(Beginning of DATA FOR REVIEW)

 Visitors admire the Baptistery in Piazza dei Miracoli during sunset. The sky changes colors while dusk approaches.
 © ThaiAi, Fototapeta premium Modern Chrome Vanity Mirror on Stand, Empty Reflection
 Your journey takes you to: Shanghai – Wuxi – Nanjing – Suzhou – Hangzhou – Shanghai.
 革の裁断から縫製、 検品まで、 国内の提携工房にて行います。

(End of DATA FOR REVIEW)
(Beginning of DATA FOR REVIEW)

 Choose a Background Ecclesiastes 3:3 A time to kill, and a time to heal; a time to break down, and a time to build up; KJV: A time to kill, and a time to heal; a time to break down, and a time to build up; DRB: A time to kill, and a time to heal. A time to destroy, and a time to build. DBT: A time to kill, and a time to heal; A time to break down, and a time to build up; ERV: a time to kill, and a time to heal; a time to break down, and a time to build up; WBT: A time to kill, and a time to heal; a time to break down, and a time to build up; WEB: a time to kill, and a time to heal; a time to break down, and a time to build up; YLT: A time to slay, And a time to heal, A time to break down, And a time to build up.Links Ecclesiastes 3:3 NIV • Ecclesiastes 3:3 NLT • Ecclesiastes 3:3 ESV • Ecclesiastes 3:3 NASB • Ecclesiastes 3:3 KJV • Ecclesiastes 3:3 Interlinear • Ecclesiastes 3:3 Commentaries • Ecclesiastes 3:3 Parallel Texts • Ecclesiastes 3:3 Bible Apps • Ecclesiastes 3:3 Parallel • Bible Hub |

(End of DATA FOR REVIEW)
(Beginning of DATA FOR REVIEW)

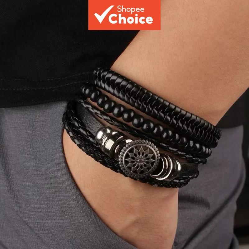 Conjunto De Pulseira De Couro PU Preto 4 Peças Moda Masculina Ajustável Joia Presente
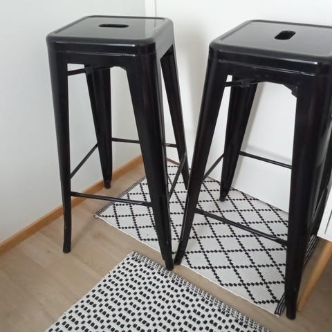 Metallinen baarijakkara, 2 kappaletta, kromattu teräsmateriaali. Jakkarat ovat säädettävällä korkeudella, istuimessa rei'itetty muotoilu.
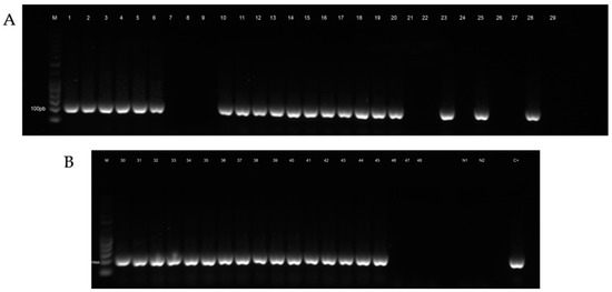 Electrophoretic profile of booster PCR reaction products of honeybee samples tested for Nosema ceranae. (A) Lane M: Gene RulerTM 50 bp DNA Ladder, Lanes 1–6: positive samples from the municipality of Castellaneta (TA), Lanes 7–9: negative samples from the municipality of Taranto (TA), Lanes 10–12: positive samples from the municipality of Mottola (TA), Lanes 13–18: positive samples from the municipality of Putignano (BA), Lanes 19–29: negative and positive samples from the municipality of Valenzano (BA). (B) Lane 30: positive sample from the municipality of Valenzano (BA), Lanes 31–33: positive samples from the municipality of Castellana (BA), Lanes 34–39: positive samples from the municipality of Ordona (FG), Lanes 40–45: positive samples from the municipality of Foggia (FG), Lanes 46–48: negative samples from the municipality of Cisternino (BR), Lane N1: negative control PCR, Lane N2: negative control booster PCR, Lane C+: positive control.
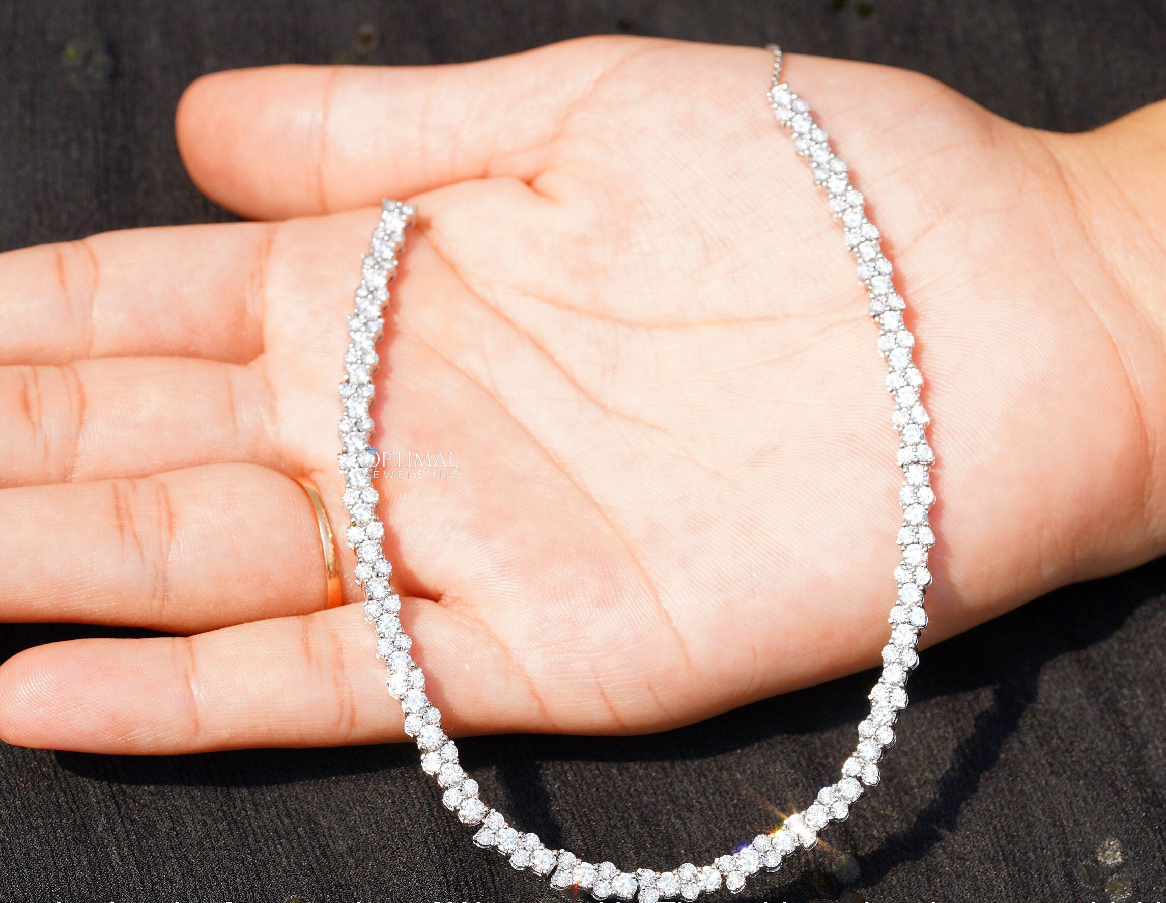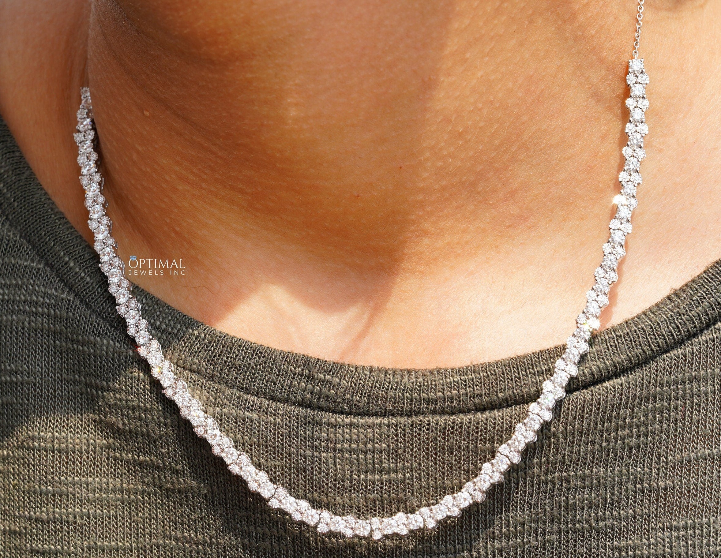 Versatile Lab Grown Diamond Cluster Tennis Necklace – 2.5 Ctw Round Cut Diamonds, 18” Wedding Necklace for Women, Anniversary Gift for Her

(End of DATA FOR REVIEW)

DIRECTIONS: Please transcribe only the lines in the records above running from the line that has "Visitors admire the" through the line that has "革の裁断から縫製、 検品まで、 国内の提携工房にて行います。", both included, exactly as they appear.

EXERCISE ANSWER:
 Visitors admire the Baptistery in Piazza dei Miracoli during sunset. The sky changes colors while dusk approaches.
 © ThaiAi, Fototapeta premium Modern Chrome Vanity Mirror on Stand, Empty Reflection
 Your journey takes you to: Shanghai – Wuxi – Nanjing – Suzhou – Hangzhou – Shanghai.
 革の裁断から縫製、 検品まで、 国内の提携工房にて行います。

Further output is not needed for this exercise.